Member of Parliament for Okere (Ghana parliament constituency)
- Incumbent
- Assumed office January 7, 2025
- Preceded by: Dan Botwe

Personal details
- Born: May 11, 1985 (age 41) Awukugua Ghana
- Party: New Patriotic Party
- Education: Nifa Senior High School University of Ghana Presbyterian University College
- Occupation: Teacher, Politician

= Daniel Nana Addo-Kenneth =

Ghanaian politician and educator

 Daniel Nana Addo-Kenneth (born May 11, 1985) is a teacher, Ghanaian New Patriotic Party politician and Member of Parliament for Okere (Ghana parliament constituency) in the ninth parliament of the Fourth Republic of Ghana.

He was the District Chief Executive officer for the Okere District between 2016 and 2024 before winning the parliamentary elections.

== Early life and education ==
Addo-Kenneth was born in Awukugua in the Eastern Region (Ghana) of Ghana. He had his secondary school education at the Nifa Senior High School in Adukrom. He later went to the University of Ghana, where he obtained a Bachelor of Arts. He further proceeded to the Presbyterian University College for his Master of Arts degree. He worked as a teacher with the Ghana Education Service.

== Politics ==
In September 2021, Addo-Kenneth was confirmed as the District Chief Executive officer of the Okere District after his nomination by the then president Nana Akufo-Addo.

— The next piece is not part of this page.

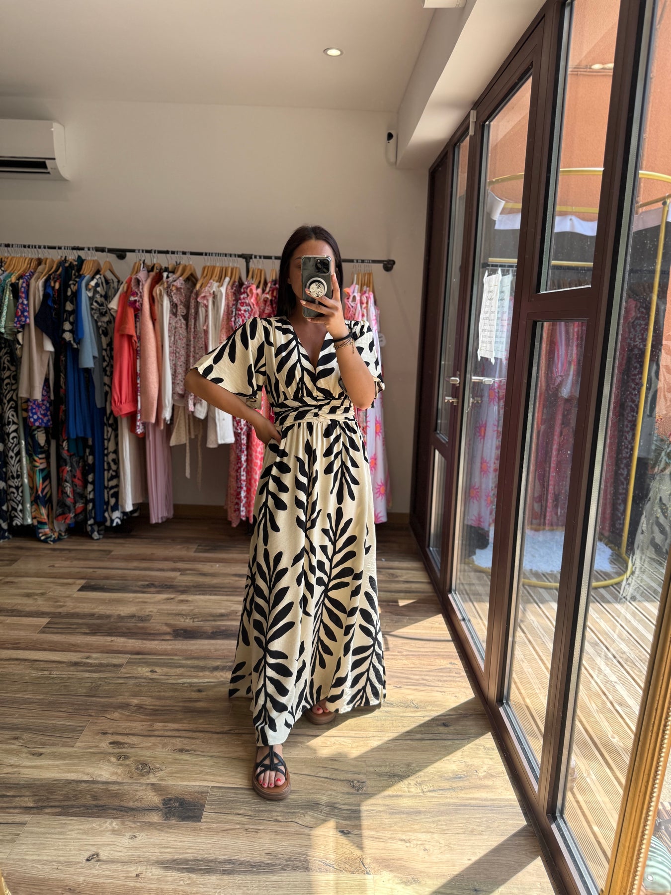 Graphique, confortable et résolument élégante, la robe “Franck” se distingue par son imprimé végétal noir sur fond beige écru et sa coupe flatteuse. Le décolleté croisé et la taille élastiquée soulignent joliment la silhouette. Parfaite pour un brunch, une balade ou même un dîner d’été. Il suffit d’y ajouter une paire de sandales et le tour est joué !

In 2023, he filed his nomination to contest for the parliamentary candidacy to represent the New Patriotic Party in the Okere (Ghana parliament constituency) during the 2024 Ghanaian general election.

In January 2024, he won the New Patriotic Party's parliamentary primaries to become the party's candidate going into the 2024 General Elections.

He subsequently won the 2024 Ghanaian general election parliamentary seat for the New Patriotic Party in the Okere (Ghana parliament constituency), beating the candidate of the National Democratic Congress (Ghana), Prince Henry Akim-Owiredu. He polled 19,080 votes representing 68.43%, while his opponent 8,803 representing 31.37%.